Scuffles broke out between hundreds of supporters of an outspoken teacher and her detractors in Mong Kok yesterday as both sides staged political rallies that erupted into chaos.
The protests were triggered by an online video of Alpais Lam Wai-sze, a primary school teacher at Pui Ling School of the Precious Blood in Fanling, in which she is seen shouting at police officers over their handling of a dispute between the Falun Gong and the Youth Care Association.
Yesterday's rallies escalated into a political row with some protesters storming a stage set up for a pro-police rally and waving the colonial Hong Kong flag, as well as Taiwanese, Tibetan and British flags. They also chanted slogans in support of Lam.
The pro-police rally was delayed by about half an hour and only managed to start with the help of officers who built a human chain to separate supporters and their opposition.
The organisers, the Parents' Association of Hong Kong and Hong Kong Action - who were protesting against the teacher - said the rally was to "support police to enforce laws strictly" and to keep "obscenity culture away from schools".
Leticia Lee See-yin of the Parents' Association said they were not attacking Lam personally. "We aren't against her [Lam] ... I think she lost her emotions [when shouting at officers]."
Gregory Lau Tat-keung, a former superintendent of Sham Shui Po district, said on stage: "Tolerant officers does not mean weak officers."
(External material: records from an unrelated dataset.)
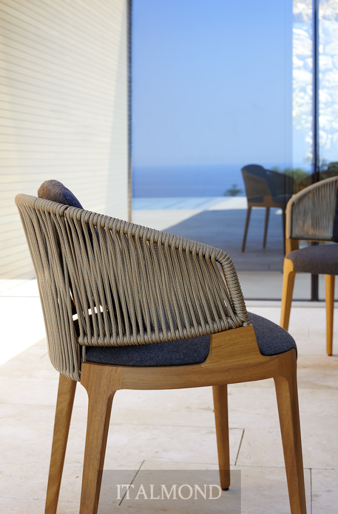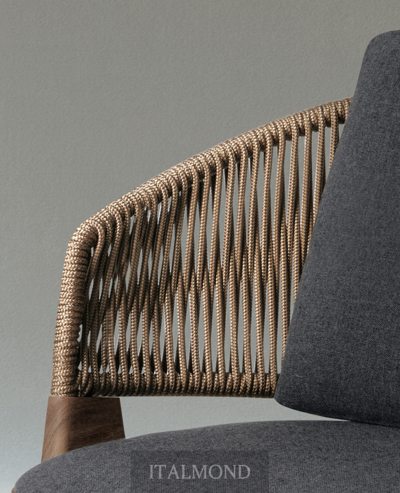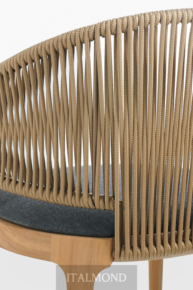 - Цвет и декор:Velis , выполненное в виде ванны для использования на открытом воздухе и дополненное подушкой для спины , подходит для любого интерьера, еще раз подчеркивая мастерство компании в адаптации продукции к любым условиям. Velis имеет каркас из массива дерева ироко , спинку из окрашенного металла, сплетенную вручную с использованием шнура «Гасса» или конопляной морской веревки , сиденье с набивкой из огнестойкого пенополиуретана и обивку из материалов, предназначенных для использования на открытом воздухе, в соответствии с коллекцией.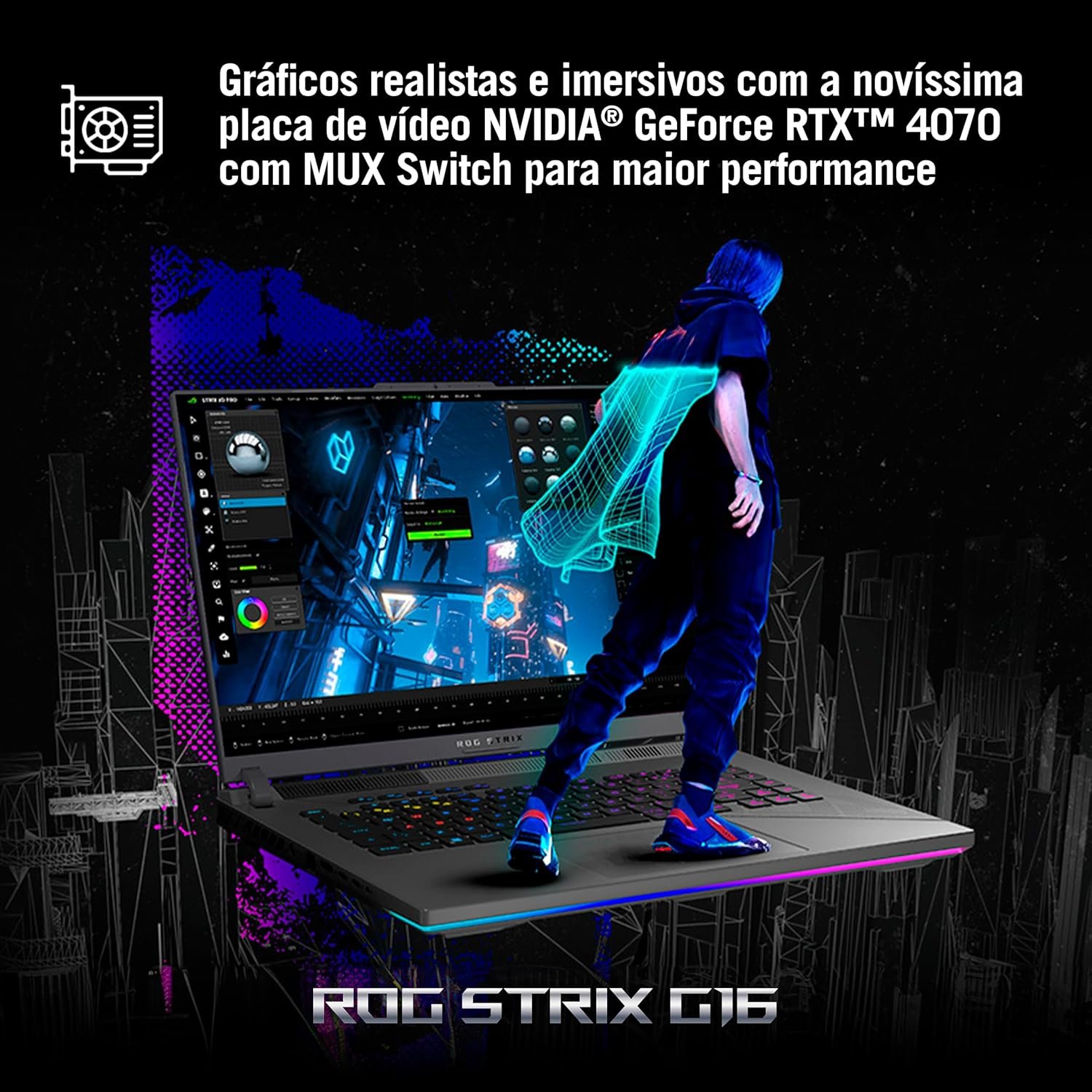 O ROG Strix G16 é equipado com a NVIDIA® GeForce RTX™ 4070, um verdadeiro monstro em termos de processamento gráfico. Esta GPU não só oferece gráficos deslumbrantes, mas também incorpora a nova tecnologia DLSS 3 que promete aumentar significativamente seus FPS nos jogos.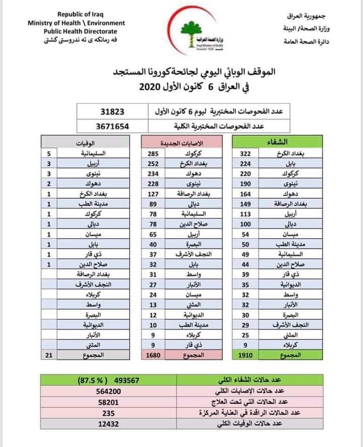 وذكرت الصحة في بيان حصلت عراقيون على نسخو منه ” تسجل 1680 إصابة جديدة ، مقابل 1910 حالة شفاء ، و 21 وفاة” .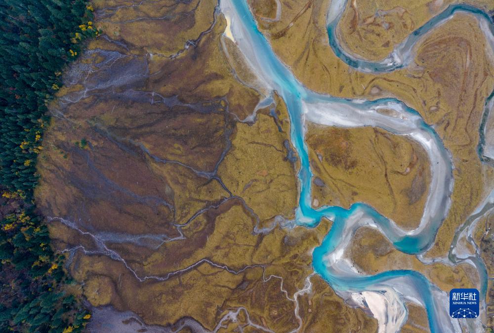 這是在林芝工布江達縣拍攝的景觀(無人機照片,10月28日攝)。新華社記者 姜帆 攝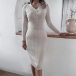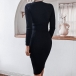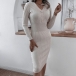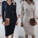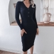 Fashion Solid Color Long Sleeve V-neck Slim Fit Knit Dress

Next to the pro-police rally, radical lawmaker Wong Yuk-man led a crowd in the pro-Lam rally by chanting foul language and condemning what they said was an all-out effort by pro-police groups to intimidate Lam.
"If we don't back Ms Lam today, the next target will be us," Wong said.
The video was recorded on July 14 when Lam openly criticised the way police were dealing with the dispute involving the Falun Gong. Police threatened to arrest Lam when she asked for an explanation of why they had cordoned off the area near Sai Yeung Choi Street where the dispute was taking place.
Lam shouted foul language at the officers. The video was later uploaded onto YouTube and went viral late last month.
Police estimated that about 2,800 people took part in the rallies at their peak. All shops on the street level of the area closed their doors for more than two hours.